Monday, August 15, 2011

And THIS Is Why I Drink

Awhile back I bet a friend who likes her some alky that she wouldn't be home from a night out at a decent hour. I'd started counting my victory when she arrived home and sent me a message that said, "don't count kitchens". About 5 or 7 minutes later she corrected herself and told me she meant to say, "chickens" (those 5 to 7 minutes were PRICELESS on my end since I was sober and she clearly was not). I hadn't had more than two drinks in at least six months during the time this conversation took place. I was doing very well. WAS being the keyword here.
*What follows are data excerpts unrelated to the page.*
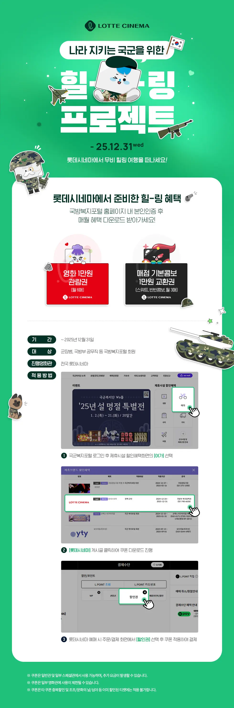 ※국군복지포털 회원에 한 해 제휴 게시글 확인 가능하며, 롯데시네마 회원에 한 해 쿠폰 다운로드 가능합니다.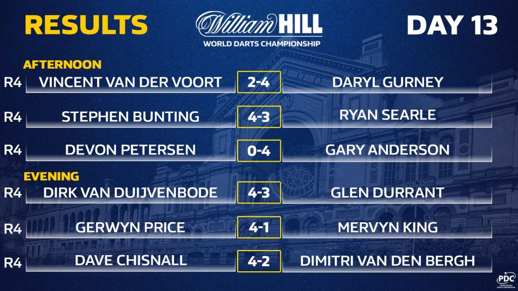 Si van Gerwen semble se diriger vers un titre mondial à la vue de son niveau de jeu et sa capacité à rester ultra solide mentalement, son compatriote Dirk van Duijvenbode lui n'avait rien à perdre en venant à Londres pour disputer son deuxième mondial (éliminé premier tour en 2015). Déjà auteur d'un exploit sur Rob Cross numéro 5 mondial, le batave a remis cela hier face à Glen Durrant, numéro 12 mondial, une victoire là aussi 4-3 qui lui permet d'atteindre un quart de final inespéré encore il y a 10 jours.
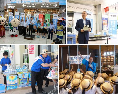 上記の自治体では、駅前や庁舎前などで、同日同時刻一斉に出陣式が開催されました。
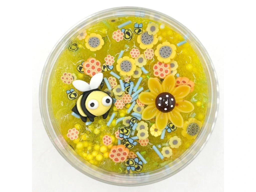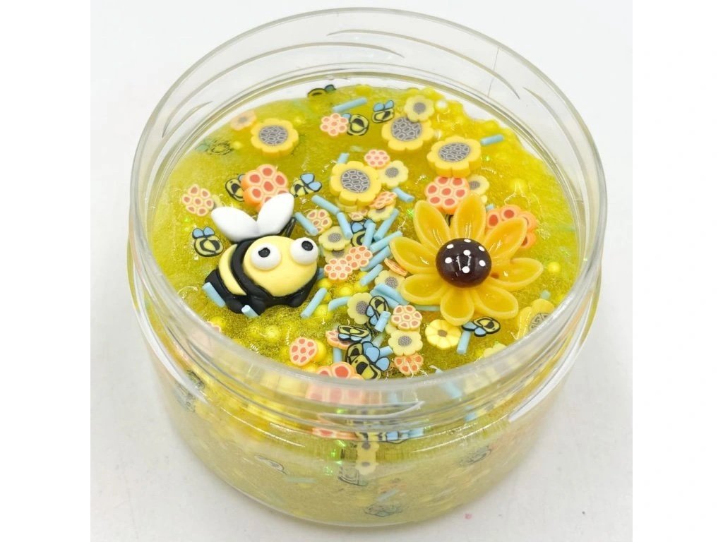 Obsah: 150 g gumového slizu, konfety, třpytky, pěnové kuličky, včela, slunečnice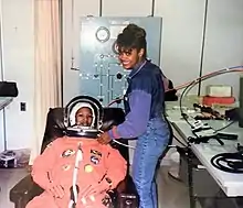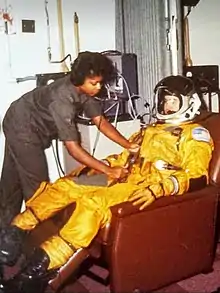 Sharon McDougle and Mae Jemison in KSC Suit Room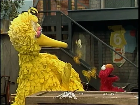 SCENE 3 | Elmo and Big Bird are selling earmuffs made from pussywillow buds. Big Bird doesn't think the business will succeed, as they are much too small for normal customers like Susan and Mathew. Elmo does manage to make a sale to Mrs. Butterfly and her friends. |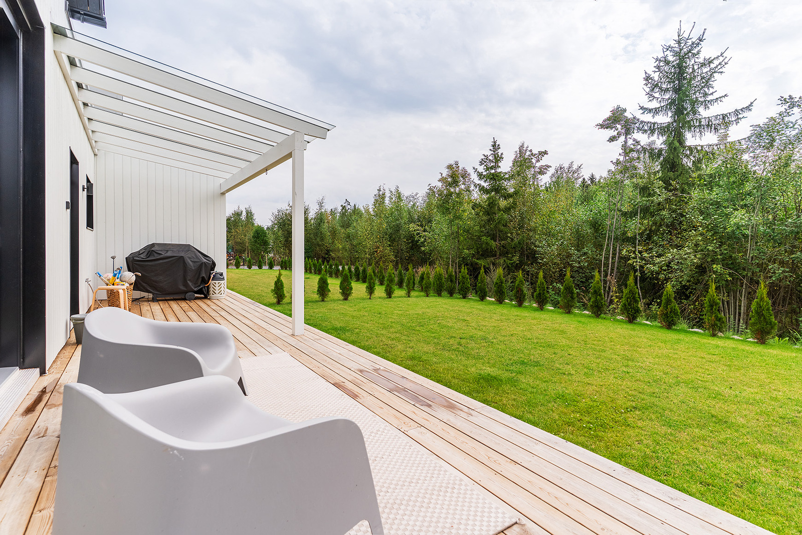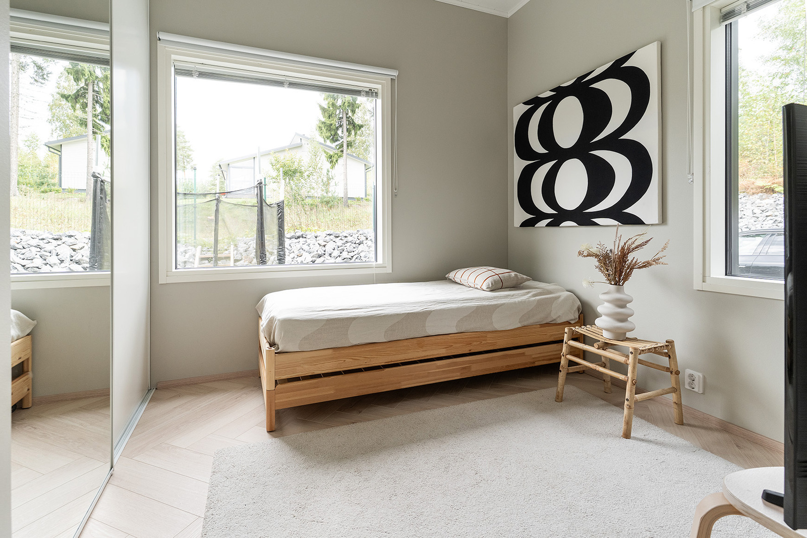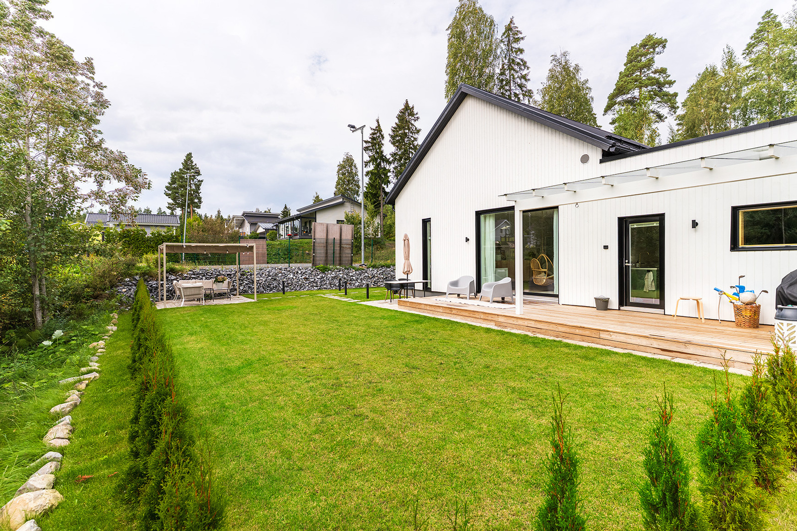 Avarasta olohuoneesta on liukuoven kautta käynti terassille, jossa voit nauttia rauhallisista hetkistä luonnon äärellä. Keittiö on varustettu laadukkailla kodinkoneilla, ja kvartsikomposiittitasot tuovat ripauksen ylellisyyttä arkeen. Kolme makuuhuonetta ja käytännöllinen kodinhoitohuone tekevät arjesta sujuvaa.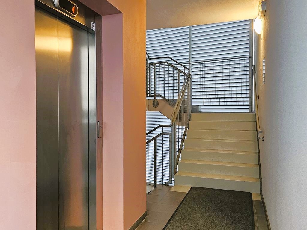 Moderner Massivbau mit zeitgemäßer Bautechnik und Personenaufzug.
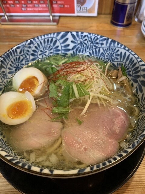 塩が人気みたいですが、今回は中華そば(➕味玉)、半チャーハンセットを注文。

Saturday night I was pissed off and a little depressed and hung out with a friend who's having trouble with his girl. Then we started playing shot glass checkers (BRILLIANT game). About six games in, I decided we should probably stop drinking since he was slurring his words. Now that I think back, I was likely slurring my words too but I was too buzzed to notice. So we stop playing checkers and he gets the bright idea to crack open a bottle of tequila and have "just a glass". That turned into three glasses a piece and he passed out on the couch. Enter my best friend, stone cold sober and unsure what to make of the scene before her. She took me home and stayed over to make sure I didn't die in the night. And we fought. Which we rarely do but have done twice in the past week.
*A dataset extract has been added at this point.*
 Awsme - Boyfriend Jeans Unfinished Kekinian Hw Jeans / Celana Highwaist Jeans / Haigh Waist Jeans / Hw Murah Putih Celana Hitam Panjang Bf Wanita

I woke up Sunday morning with a headache (but those have become the norm the past week or so) and bloodshot eyes and I was so nauseated. So what did I do, you ask? Hair of the dog, girls and boys. I took a single shot of whiskey about mid-day to try and shake my symptoms and it did help a little. Then I had another drink with dinner. And another one to calm my nerves later on in the night. Around midnight or so, I was close to counting kitchens myself. And it's actually pretty pathetic since my tolerance is very high. But I haven't had two days of drinking in quite some time and my body is not liking it at all.
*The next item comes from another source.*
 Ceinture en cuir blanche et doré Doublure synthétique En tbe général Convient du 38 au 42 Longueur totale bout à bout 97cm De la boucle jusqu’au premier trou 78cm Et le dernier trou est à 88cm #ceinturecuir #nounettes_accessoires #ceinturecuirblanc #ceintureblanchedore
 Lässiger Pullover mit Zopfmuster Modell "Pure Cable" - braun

I woke up this morning with so many things wrong with me, I can't even explain. My phone was separated from its battery (which was under my pillow). My hair was wet but I don't remember having taken a shower. And I could've sworn I put my laptop to sleep yet somehow when I turned it on this morning, it started up as if I'd completely shut it down. A banner Monday any way you slice it. And it only got better when I was served with papers stating the mother of my child wants to change the custody arrangement. She wants to be top dog and call the shots and she's citing all kinds of dumb ass (and untrue) concerns about me to try and get her way. I was pissed off about it but I've since moved on to just being sad. Not about the situation but about her in general. I adore my daughter and I care about her mother, though I don't agree with almost anything she  does anymore. Maybe that's my problem, I can't just stop caring about the people who are important to me. Anyway, I'm sad that she can't just let go of this whole 'happy family' scenario she has running through her head. It was never meant to be and I don't truly believe she was ever really in love with me to begin with. I'm sad she can't just let it go and move on with her life. There are going to be other people for both of us and she's gotta accept that. And I don't get how she could just not care about me at all and instead bring out all these nasty allegations against me. We're the only two people on earth who share this amazing little being that is our daughter but rather than enjoy the ride, whatever it brings, her mother insists on bringing drama. And now I know why I've been drinking for two days. Something out there in the universe knew I was gonna need it.